TheROC lutou contra a igreja ucraniana independente em duas frentes. Por um lado, desafiou diretamente a própria idéia da autocefalia da igreja. Por outro lado, tentou aumentar a sua influência em outros territórios. Isto é particularmente claro na Coreia, onde Constantinopla já era uma força militante. De facto, em 2018-19, por volta da época em que a autocefalia ucraniana foi proclamada, a ROC expandiu a sua influência na área criando um Exarchate Patriarcal no sudeste asiático. A igreja também criou uma Diocese da Coreia e nomeou o Arcebispo Theophan (Kim, Alexey Illarionovich) comohierarch. Uma vez que Constantinopla já estava activa neste território, a nova diocese russa desafia agora efectivamente a sua autoridade. A decisão da igreja russa é difícil de justificar segundo a lei canônica porque vai contra o princípio da territorialidade (“uma cidade, um bispo, uma igreja”), segundo o qual um bispo não deve operar fora de suas fronteiras, particularmente se o território já está sob a jurisdição de outra igreja ortodoxa.
Reconhecimento da autocefalia ucraniana dentro da ortodoxia
Os esforços da ROC para desafiar a autocefalia dificultaram o reconhecimento do novo corpo na Ucrânia por outras igrejas.

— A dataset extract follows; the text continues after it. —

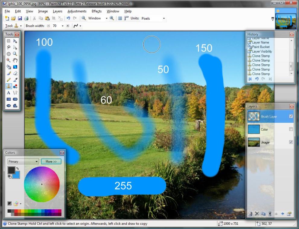 Často požadované, ale doposud jsme mohli jen sedět a říkat "počkejte na 4.0". A teď můžeme říct "Hej, víte co? Můžeme mít měkké štětce!" Jasně, Photoshopí štětce jsou mnohem … však víte .. ale v Paint.NET se k tomu hodně těsně přiblížíte, když to uděláte správně!

Assim, as Igrejas Ortodoxas Albanesas, Checoslovacas, Polacas e Sérvias que têm um forte relacionamento com a ROC, não reconheceram a UCO. A ROC tem uma forte presença em Israel, por isso a Igreja de Jerusalém também não reconheceu a autocefalia. Outras igrejas não podem se dar ao luxo de tomar uma posição tão clara. A Igreja de Antioquia, por exemplo, gostaria de permanecer em bons termos com Constantinopla. Estando próxima do governo de Bashar al-Assad, porém, não pode rejeitar a ROC, dado o pano de fundo da guerra civil na Síria. Apenas as igrejas próximas a Constantinopla, como a Igreja Grega de Atenas, a Igreja de Alexandria e, mais recentemente, a Igreja de Chipre, reconheceram a autocefalia. Como resultado, a ROC cortou oficialmente os laços com estas igrejas e deixou de comemorar os seus patriarcas, tal como fez com o Patriarcado Ecuménico.
Então, que conclusões podemos tirar de tudo isto? Primeiro, parece que a Ortodoxia Russa fora da Rússia ainda possui frequentemente uma agenda política capaz de influenciar a Ortodoxia como um todo. Hoje em dia, a autocefalia da Ucrânia permanece, embora seja vista cada vez mais como uma questão puramente política. Os tomos não foram rescindidos e algumas paróquias continuam a mudar da ROC para aOCU. A recente mudança da política russa e ucraniana para outros assuntos, especialmente a actual crise da Covid, poderia ajudar a estabelecer um status quo que iria legitimar a posição da UCO. Este reconhecimento de fatos fatos ajudou outras autocefalias no passado.
Em comparação com o presidente Poroshenko, que fez um forte lobby a favor da autocefalia, Zelenskyy não parece compartilhar esta crença na importância da religião em relação à independência da Ucrânia. Ele tende a considerar o assunto como um assunto privado. Portanto, ele não se expressa muito sobre o tema da religião. Contudo, dentro da Ortodoxia, o problema da autocefalia ainda não parece ser um assunto resolvido. Em 16 de setembro, o Presidente Stevo Pendarovski, da Macedônia do Norte, enviou um pedido formal a Bartolomeu I para conceder autocefalia à Igreja Ortodoxa do Norte da Macedônia, que atualmente tem um estatuto autônomo dentro da Igreja Ortodoxa Sérvia. Ao conceder autocefalia à igreja na Ucrânia, Bartolomeu I parece ter criado um precedente potencialmente perigoso.
Thibaut Auplat é um recém-graduado de Mestrado em Estudos Interdisciplinares Europeus no Colégio da Europa em Natolin. Agrégé de grammaire, ele também tem um mestrado em clássicos da Universität Hamburg e Aix-Marseille Université.